- Born: John Brinsley Sheridan January 22, 1870 County Meath, Ireland
- Died: April 14, 1930 (aged 60) St. Louis, Missouri, U.S.
- Citizenship: American
- Occupation: Sportswriter
- Years active: 1888–1929
- Known for: Column "Back of Home Plate" in Sporting News
- Awards: Honor Rolls of Baseball (1946)

= John B. Sheridan =

John Brinsley Sheridan (January 22, 1870 – April 14, 1930) was an Irish-born American sportswriter. He was a prominent sports journalist in St. Louis for over four decades and gained national recognition for his baseball writing in the Sporting News. He was posthumously named to the Baseball Hall of Fame's Honor Rolls of Baseball in 1946.

==Early life and emigration==
John Brinsley Sheridan was born in County Meath, Ireland, to Richard and Rosetta (née O'Reilly) Sheridan. He emigrated to the United States at the age of 18 in 1888.

==Career==
Sheridan began his journalism career upon his arrival in St.
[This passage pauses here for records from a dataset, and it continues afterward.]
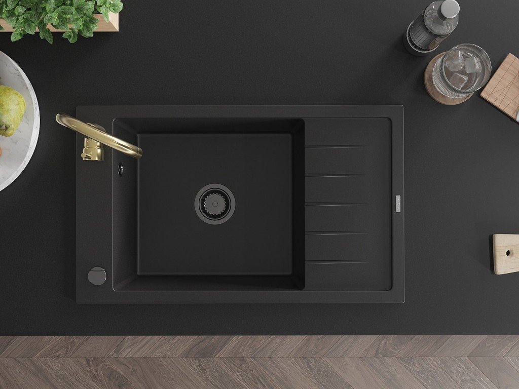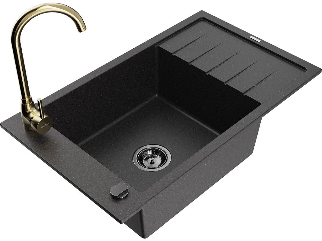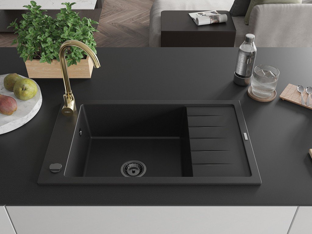 MEXEN/S - Elias granitový dřez s odkapávačem včetně baterie Telma, černá 6511-77-670200-50-B
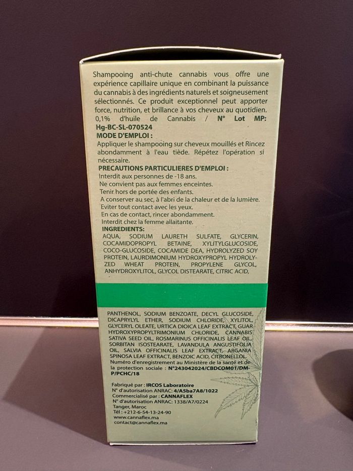 Shampoing anti chute CANNAFLEX produit naturel fabriqué au Maroc
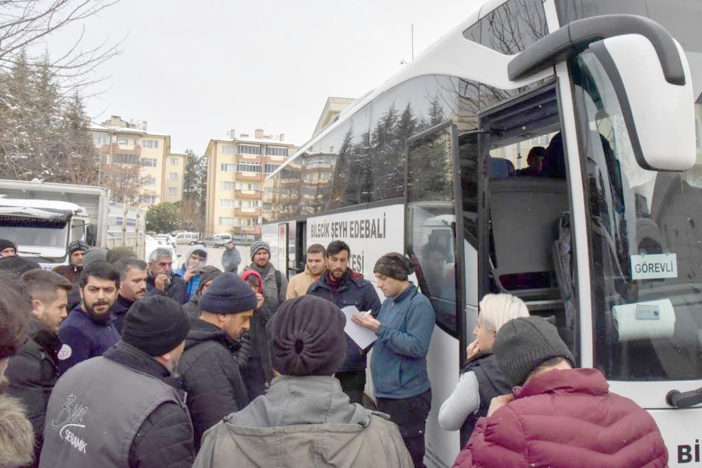 Deprem bölgesinde arama, kurtarma ve yardım çalışmalarına katılmak üzere aralarında Şeyh Edebali Üniversitesi öğrencileri, akademik ve idari personelin de bulunduğu 99 AFAD gönüllüsünü taşıyan 3 otobüslük konvoy ilimizden hareket etti.
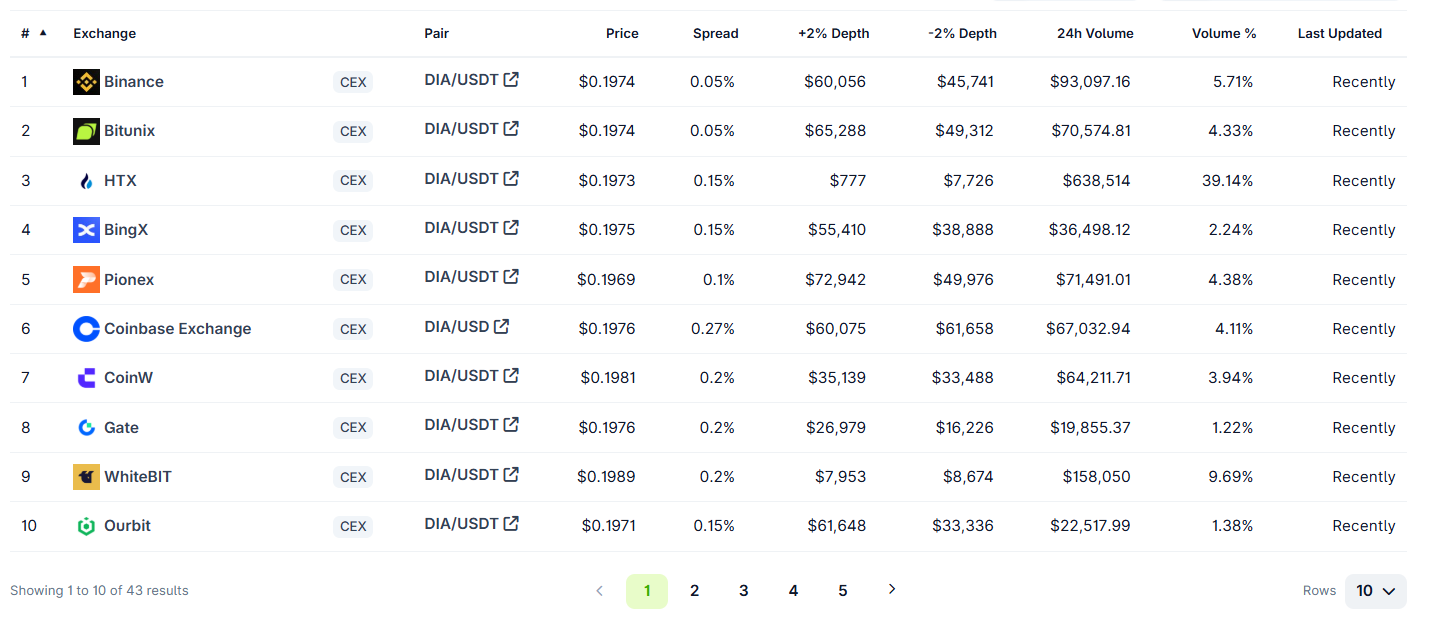 Чтобы оценить перспективность и надежность токена, прежде всего стоит обратить внимание на то, где он представлен. Наличие в списке крупных централизованных бирж – обычно хороший сигнал. DIA USDC Pool как раз представлен на огромном количестве известных площадок. Однако это вызывает лишь минимальное доверие, но не более.

Louis. From 1888 through 1929, he worked for various St. Louis newspapers, establishing himself as an authoritative voice on multiple sports, including baseball, American football, boxing, and golf.
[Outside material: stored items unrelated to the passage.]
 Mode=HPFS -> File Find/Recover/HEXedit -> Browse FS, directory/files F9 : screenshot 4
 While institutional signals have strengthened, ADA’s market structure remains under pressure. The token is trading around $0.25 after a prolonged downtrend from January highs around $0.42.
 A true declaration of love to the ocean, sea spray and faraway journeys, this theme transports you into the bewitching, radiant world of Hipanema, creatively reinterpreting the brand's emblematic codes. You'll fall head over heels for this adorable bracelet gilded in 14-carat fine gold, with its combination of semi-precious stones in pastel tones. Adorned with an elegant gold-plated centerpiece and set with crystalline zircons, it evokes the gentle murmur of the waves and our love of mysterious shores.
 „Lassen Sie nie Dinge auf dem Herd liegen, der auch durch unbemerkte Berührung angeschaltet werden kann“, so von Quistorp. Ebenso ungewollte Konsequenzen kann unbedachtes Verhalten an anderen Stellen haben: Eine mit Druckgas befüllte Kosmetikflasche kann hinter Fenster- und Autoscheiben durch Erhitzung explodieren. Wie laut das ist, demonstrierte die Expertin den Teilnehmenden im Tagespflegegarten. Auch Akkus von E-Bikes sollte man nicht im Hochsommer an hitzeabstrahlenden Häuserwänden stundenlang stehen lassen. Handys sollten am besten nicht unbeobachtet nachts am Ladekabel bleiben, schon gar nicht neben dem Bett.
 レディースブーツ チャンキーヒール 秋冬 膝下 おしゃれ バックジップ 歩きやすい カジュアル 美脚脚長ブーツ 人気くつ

He is best known for his nationally syndicated baseball column "Back of Home Plate", which ran in The Sporting News from 1917 until 1929. The column earned him widespread respect within the baseball community and among readers.

==Later life and whistleblower incident==
In 1921, Sheridan was appointed chairman of the Missouri Committee on Public Utility Information. While serving in this capacity, he discovered and reported dishonest and illegal activities within the department, acting as a whistleblower. He submitted his resignation following the disclosure. The stress of the ordeal reportedly contributed to a severe nervous breakdown, for which he required extended medical care in a sanitarium. He never fully recovered his health.

==Death==
On April 14, 1930, Sheridan died in St. Louis, Missouri, at the age of 59. He was found hanging in his room at Alexian Brothers Hospital by a bathrobe cord. His death was ruled a suicide.

==Legacy and honors==
In 1946, sixteen years after his death, Sheridan was posthumously honored by the Baseball Hall of Fame. He was one of twelve writers inducted onto the Honor Rolls of Baseball (often called the "Roll of Honor") in the Hall's Class of 1946, recognizing his significant contributions to baseball journalism.